Kurt Hildebrand / The Record-Courier
Anthony Angel Llamas

A soccer youth coach, who survived a horrific June 18, 2022, vehicle collision, testified that she is in pain every day after a collision with a Dayton man who admitted to driving under the influence causing substantial bodily harm.

Anthony Angel Llamas, 22, was sentenced to 2-5 years in prison and taken into custody on Tuesday.

Both the women, who were in a Toyota Rav 4 and headed to get pizza with the soccer team that evening, described how the collision at Presbyterian Curve on U.S. Highway 50 affected them.



The passenger, who was navigating, said she suffered from a broken back and was unconscious when she was pulled from the wreckage.

She said just a few minutes earlier they were discussing whether her daughter would be riding in the vehicle.



Her husband was following a few cars behind, and she said he thought she was dead.

“Drinking and driving is a choice,” she said. “When you make a decision like Anthony did, there are consequences.”

Attorney Adam Spicer and prosecutor Jim Sibley asked District Judge Tod Young to follow the negotiated agreement in the case.

“One bad day can alter so many lives,” Spicer said of the collision.
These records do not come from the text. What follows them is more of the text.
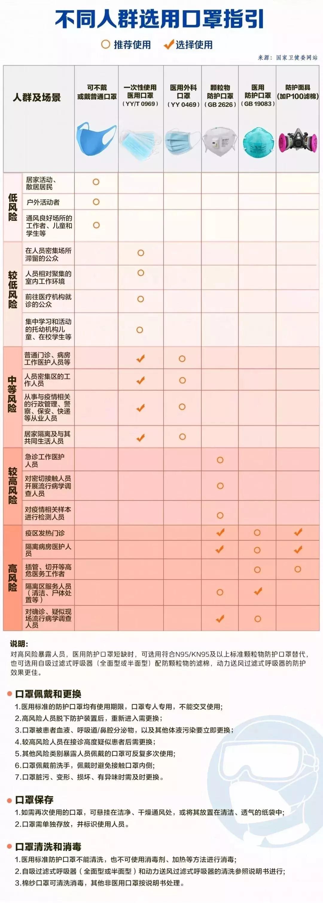 可能很多人會(huì)問,我怎么判斷感染風(fēng)險(xiǎn)是高還是低?別急,就在2月5日國(guó)家衛(wèi)健委等權(quán)威機(jī)構(gòu)聯(lián)合發(fā)布了《口罩選擇與使用技術(shù)指引》,看看下面這張圖,就知道什么時(shí)候該戴,什么時(shí)候可以不戴了。畢竟口罩珍貴,且用且珍惜。
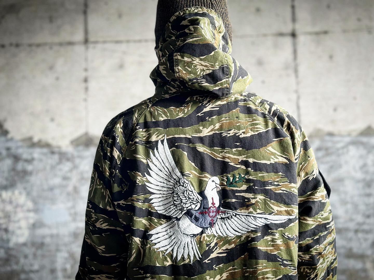 後見頃に横振り刺繍職人《尾崎史奈》 @fumi.fumina 様にバンクシー が描いた平和の象徴を立体的に描いて頂きました。
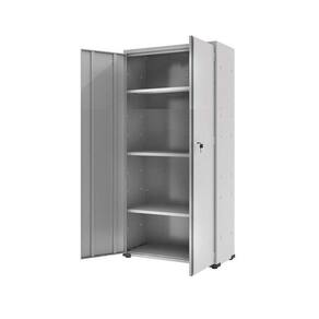 Ele é composto por 03 prateleiras reforçadas, sendo uma fixa e três reguláveis. Super resistente, suporta até 30Kg bem distribuídos por prateleira. Possui pés niveladores para melhor adaptação e um perfeito acabamento, evitando assim riscos no piso. Sua porta, com fechadura tipo Yale e puxador estampado em perfil PVC possui também reforço ômega e um prefeito acabamento que proporciona maior praticidade de uso.
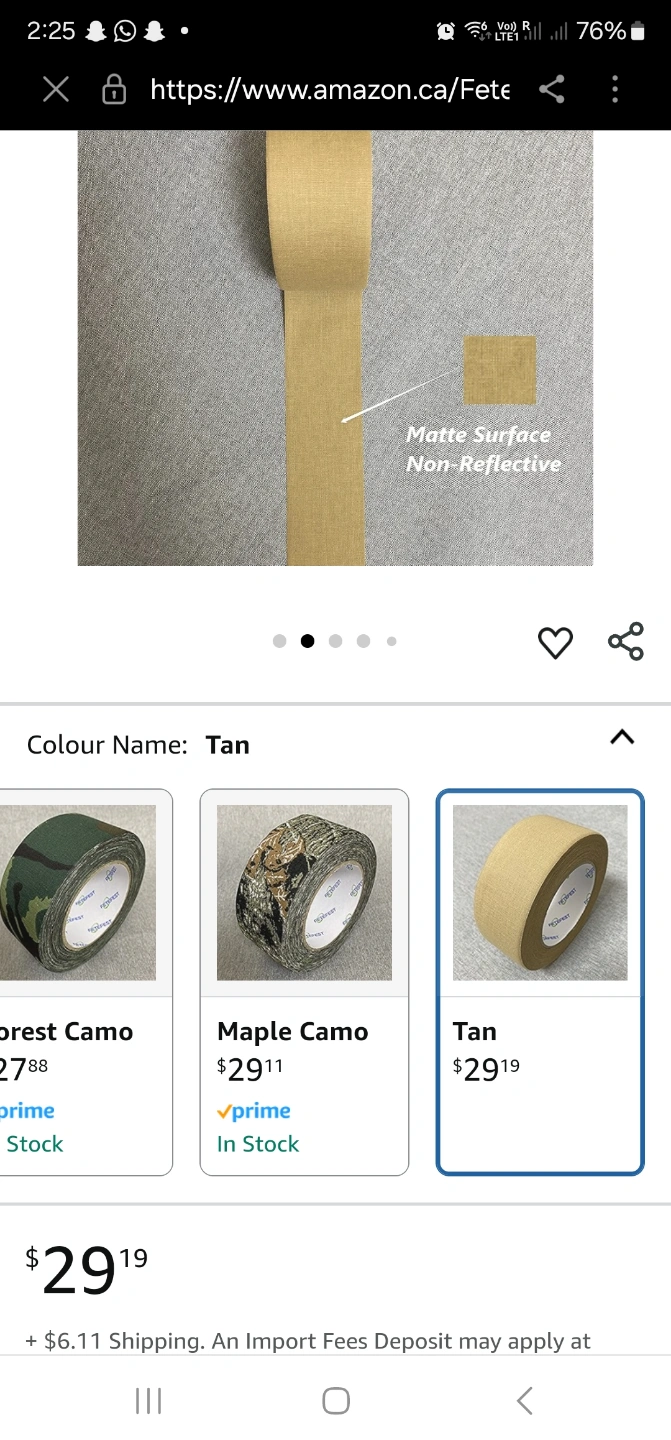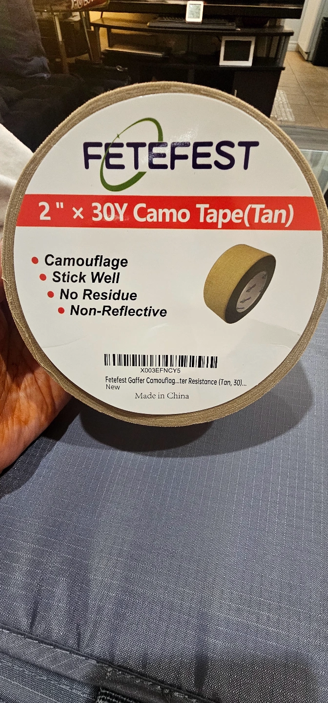 New roll of tan camouflage gaffer tape. 2 inches wide, 30 yards long. Non-reflective, leaves no residue. Sticks well.
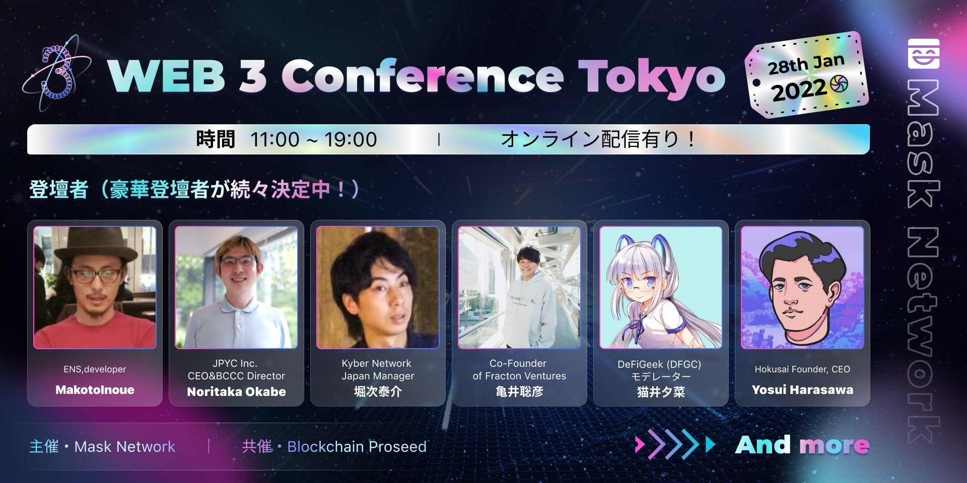 1月28日(金)Mask Network主催「Web3 Conference Tokyo」にJPYC株式会社代表取締役の岡部典孝が登壇

Llamas grew up in Dayton and was studying to be a nurse.

He’d already received a phlebotomist certificate and was attending Western Nevada College.

“Here’s someone who was off to a great start, and this makes it harder,” he said.

“This was a horrible situation on all fronts and changed the lives of a number of people,” Sibley said.

“I regret what I did every day,” Llamas read from a written statement. “I wasn’t thinking of the consequences, though I knew better.”

Llamas was driving a BMW on US-50 with a .11 blood alcohol content when he crossed the centerline.

In addition to a mandatory prison term, Llamas will have to make $521,942.17 in restitution. He was ordered to return to court within two weeks of his release to make payments arrangements.